Tip: Pressing the 'up' or 'down' arrow keys will allow you to cycle through previous commands you have already executed.  Useful, when you want to quickly see Rosie's other suggestions.

There!  A Python program has suddenly made Rosie very useful.  A 'banana polishing three-wheeled eel' will change lives for the better, and win you the Nobel Prize.

But what was it that we just copied and pasted?  How did the code work?  Let's step through each bit.

from random import randint

We import Python modules and their functions whenever we want to recycle bits of existing code.  Here, we want to use the randint() function from the random module.  Someone has kindly written these modules for us and made them available for use in Python - it would be ungrateful not to use them.

OBJECTS = ["banana", "squirrel", "fire", "ice-cream", "coconut"]
ACTIVITIES = ["munching", "farting", "prodding", "detecting", "polishing"]
    "robotic squirrel",
    "mechanical dinosaur",
    "three-wheeled eel",
    "rechargeable owl",
    "battery-powered raccoon"

Next, we set up three list data structures in which to store our words.  This will be our data.  Feel free to modify and add words as you please.

print("Silly human, invent me a")
print(OBJECTS[randint(0, len(OBJECTS)-1)])
print(ACTIVITIES[randint(0, len(ACTIVITIES)-1)])
print(GADGETS[randint(0, len(GADGETS)-1)])

Lastly, we will use the print() function to display a random word from each list on-screen.  But, actually, there’s a few more things going on here:
  • len() function is used to establish how many words are stored in each list
  • Subtracting one from the len() result is required as 0 actually points to the first position (word) in the list.  Therefore, the last position is number of words - 1.
  • randint() function is then used to generate a random number (also called integer) between the first and last positions of the words in the lists.  This will be the position of the chosen word in the list.
  • And finally, the words are retrieved from the lists using their positions
You may have also spotted the ’#’ symbol whenever we were making comments in the code.  These lines are ignored by Python, but are useful to us humans who quite often forget what we've written (or eaten that morning).
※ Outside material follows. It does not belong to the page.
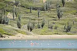 The salt pans are a special area and home to the Caribbean flamingo (Phoenicopterus ruber). The Pekelmeer Flamingo Sanctuary[6] is set in mud pockets.[7][8]

We admit it.  This application is pointless.  It's daft.  We could've come up with those suggestions ourselves.  But we now know how to create a Python application and run it on the Pi.  And this, is making Rosie - and the Pi - ever more useful.

Even more reading:

The Python random function is described in official Python documentation:


  1. Thanks for the fun toot-oreo.

    Python seems so ugly at times like:
    print(OBJECTS[randint(0, len(OBJECTS)-1)])

    I compulsively modified rosie:
    """Module to randomise silly inventions"""

    # Import the randint function from the random module
    from random import randint

    # Populate some lists with words
    OBJECTS = ["banana", "squirrel", "fire", "ice-cream", "coconut"]
    ACTIVITIES = ["munching", "farting", "prodding", "detecting", "polishing"]
    GADGETS = [
    "robotic squirrel",
    "mechanical dinosaur",
    "three-wheeled eel",
    "rechargeable owl",
    "battery-powered raccoon"
    "one-eyed rosie"

    # Define a randListElement(list)
    def randListElement(sourcelist):
    return sourcelist[randint(0,len(sourcelist)-1)]

    # Randomise the output
    print("Silly human, invent me a")
    print( randListElement(OBJECTS) )
    print( randListElement(ACTIVITIES) )
    print( randListElement(GADGETS) )

  2. and then I "read the manual"...

    from random import choice

    print( choice(OBJECTS) )

    a double thank you - I can be patient... or will be a patient.

    1. Hi there. Thanks for this! I never knew there was a choice() function hidden away in the 'random' module. It sure tidies this up a bit.